Tuesday, January 13, 2009

Roast Turkey


Preheat oven 325 F

12 lb turkey serves 6. Roast 4 1/2 hours.

Melt 1/2 stick margarine
Put in a dab of Tabasco sauce

Clean turkey: Pull out giblets and other innerds. Put them in a large saucepan covered with water: leftover onions, celery, poultry seasoning, salt, pepper, Tabasco and parsley. Simmer and drain later for stock for gravy.
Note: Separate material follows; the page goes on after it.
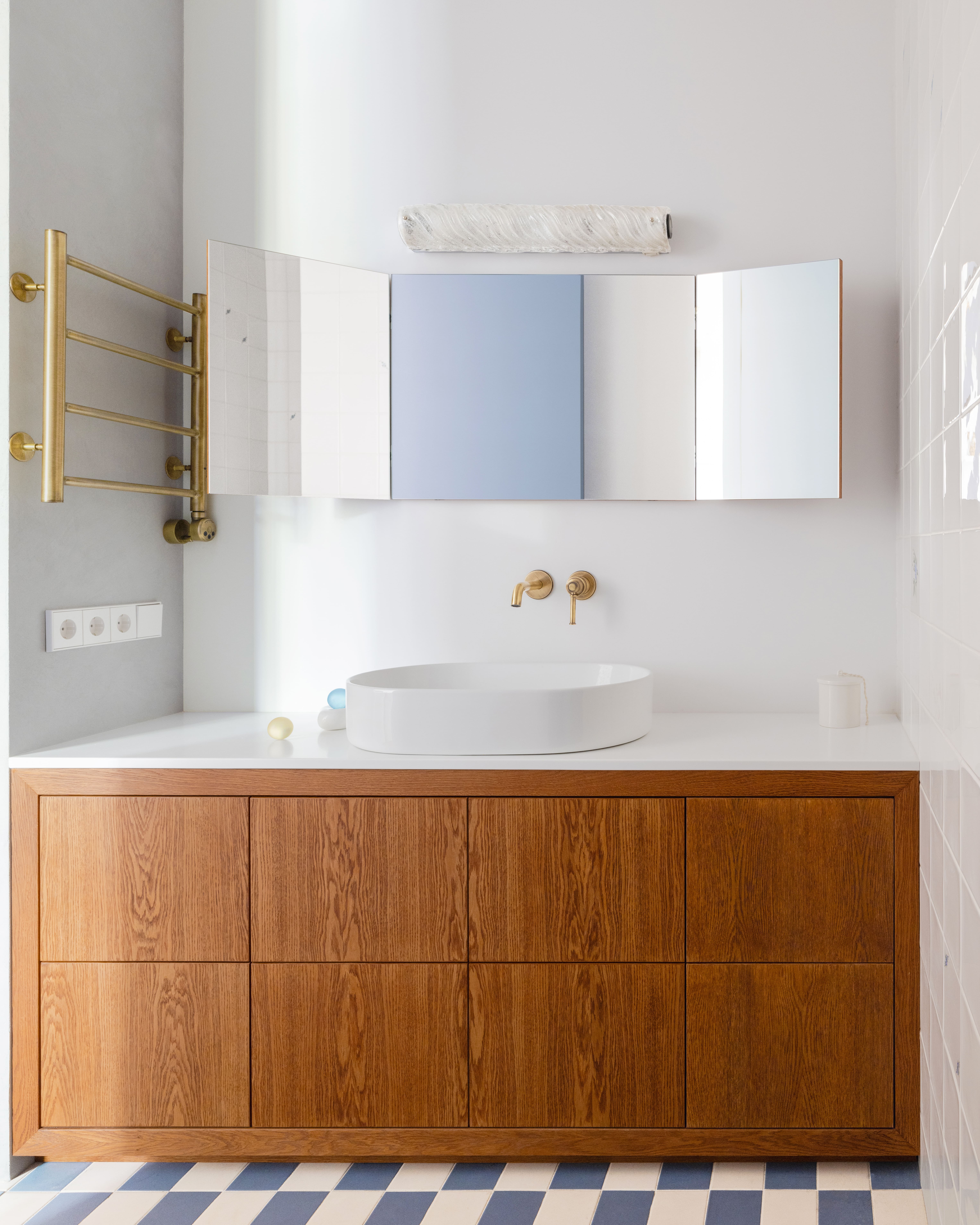 Ванная комната продолжает общую концепцию. Пол украшен метлахской плиткой, напоминающей старые подъезды, а стены украшены смесью современной и аутентичной советской плитки с цветочным рисунком. Шпонированный туалетный столик увенчан зеркалом, вдохновленным советским туалетным столиком, и лампой из текстурированного муранского стекла.
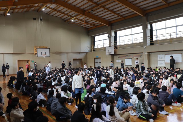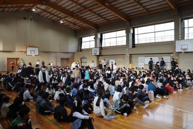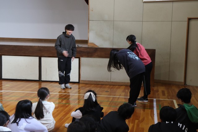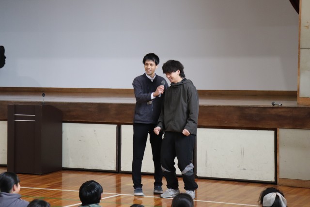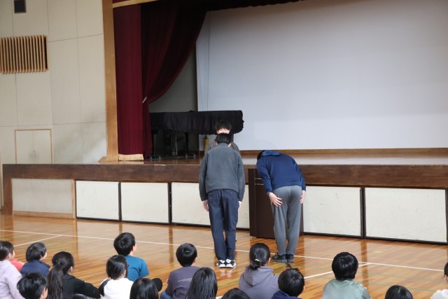 講話の時間は、先生達の演劇を通して、あいさつしてもらえた時、してもらえなかった時の気持ちについて考えました。

Wash turkey inside and out with cool water. Pull out kidney and lungs which are attached to turkey wall. Let drain. Pat dry neck and breast cavity with paper towels and salt and pepper. Put margarine sauce on back and place on rack in roaster pan. Stuff insides not too full. Put wings under neck. Stuff breast and close legs. Rub margarine on outside breast and legs. Salt and pepper outside. Use turkey thermometer. Roast 20 min. per pound for birds under 18 lbs. Over 18 lbs, roast at 15 min. per lb. Let stand 20 min. before carving.

Stuffing:
1 pkg Arnolds stuffing
1 pkg Pepperidge Farm Herb stuffing
any stale bread, cornbread or biscuit crumbs
chopped celery
chopped onions
2 sticks margarine
2 cups boiling water

Mix stuffing crumbs. Add diced onion & celery. Add poultry seasoning and sage. Melt margarine in with the boiling water. Pour over stuffing. Stir well.

Gravy:
Boil drippings in pan. Add flour mixed with milk and hot water.
Stir and season with salt and pepper if necessary.